My uncle passed away last week. He was in his "golden years." Although the funeral ceremony was jubilant--with laughter, assurances of life after death and song--the years leading up to his death were emotionally and physically difficult. He suffered with cancer. He was on dialysis. He could no longer do many of the activities he previously enjoyed.
My uncle--despite his ability to crack a joke or appreciate his loved ones and the nature surrounding him--recently told his son-in-law, "I'm not living in the golden years. You are."
Each person's experiences with aging affect him or her to different degrees. Bodies wither; cognitive abilities decline; loneliness sets in; aches and pains are felt; friends and relatives die.
It is no wonder that these difficult issues facing the elderly can trigger a mood disorder.
I interviewed Dr. Grant Mullen, Christian, family physician and author of Emotionally Free, a Christian book about living a transformed life. I was interested in his views concerning mood disorders--depression, anxiety and mood swings--in the elderly.
"Yes, they do have additional issues you have mentioned, but the symptoms, diagnosis and treatment are the same as for others suffering from a mood disorder."
Dr. Mullen says Christians--at any age--suffer from mood disorders in unique ways because there is a spiritual element involved, and, in addition, many of them are reluctant to accept medical treatment. He says the church has a responsibility to deal with this tremendous problem affecting so many.

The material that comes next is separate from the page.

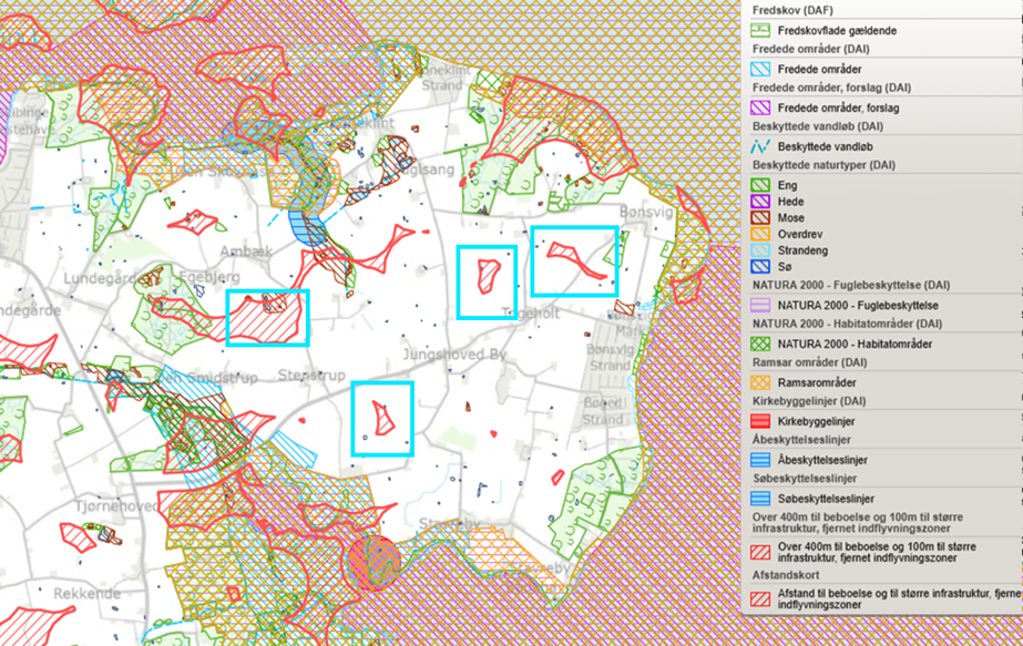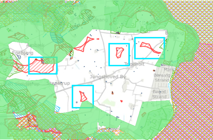 Af kortet fremgår også de mulige placeringer af vindmøller, som er marker med røde skraverede områder, som er bestemt af det afstandskrav, der er fra vindmøller til de nærmest beliggende ejendomme. Af disse områder er det de fire, der er markeret med en tyrkis firkant, der er de relevante at vurdere nærmere, da de ikke overlapper med andre naturhensyn. Ud over de af kommunen udstukne naturhensyn, har Naturstyrelsen også udpeget området af særlig landskabelig værdi, som i det følgende kort er medtaget som en grøn skravering oven på et udsnit af kortet ovenfor.

Twice a week, throughout May, he appeared on 100 Huntley Street, speaking about mental, emotional and spiritual health.
"The elderly will benefit from a regular Christian support group for mood disorders, Dr. Mullen says, "just like anyone else." There is no need for seniors to have a separate support group. He emphatically agrees that the Living Room(livingroomsupport.org) is an excellent resource for churches. The website provides free resources for initiating a group in your local area.

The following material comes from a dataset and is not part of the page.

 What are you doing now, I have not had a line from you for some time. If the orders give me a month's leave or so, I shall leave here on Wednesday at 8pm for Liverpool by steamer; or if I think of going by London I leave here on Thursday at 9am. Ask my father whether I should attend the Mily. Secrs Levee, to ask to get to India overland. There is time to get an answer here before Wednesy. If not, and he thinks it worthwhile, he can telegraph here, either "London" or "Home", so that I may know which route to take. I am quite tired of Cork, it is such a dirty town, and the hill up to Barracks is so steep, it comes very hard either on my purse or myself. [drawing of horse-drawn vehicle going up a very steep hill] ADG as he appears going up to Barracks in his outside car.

In addition to Living Room, he suggests his curriculum involving DVDs (available through drgrantmullen.com). He says "DVDs are very effective for people with mood disorders because the nature of the disease causes them to become easily confused during regular devotions. Watching a DVD and then talking about it afterward is much easier for them."
"The need in churches for dealing with mood disorders is staggering," Dr. Mullen explains. "The burden of suffering is so high. Ten to fifteen percent of church families are affected, and eighty percent of all cases go undiagnosed and untreated. Very few Christians are talking about this because there is a stigma associated with mental illness."
He continues, "Christians get tripped up because they think they are dealing with a spiritual issue, when in fact, it is a mental health issue that is causing the problems. bEcause they think it is a spiritual issue, they try to go to Bible studies and prayer groups to find the answers there. They soon discover they can't concentrate or participate appropriately, so these places are of little help. Support groups specifically designed for mood disorders are very comforting because one realizes that other Christians are struggling with the same issues."
Dr. Mullen believes that "Individuals are made up of the body, soul and spirit." He goes on to explain that the "body" can be affected by a chemical imbalance, often necessitating medication. The "soul" is the personality, involving current life experiences and wounds of the past, and its healing will often require counselling. The "spirit" can come under attack by Satan, for which spiritual support through participation in a program like Living Room, pastoral counselling and prayer can be effective.
"We need to address the body, soul and spirit of those suffering with mood disorders because they are all intertwined. If we deal with only one or two of these aspects of a person, there will be some recovery, but not to his or her full potential."
Seniors may feel as if they are not in their "golden years," but they certainly deserve all the necessary and effective mental, emotional and spiritual support possible, so that their remaining time on this earth can be lived to the fullest.
Glenda Dekkema is a freelance writer living in Stouffville, Ont.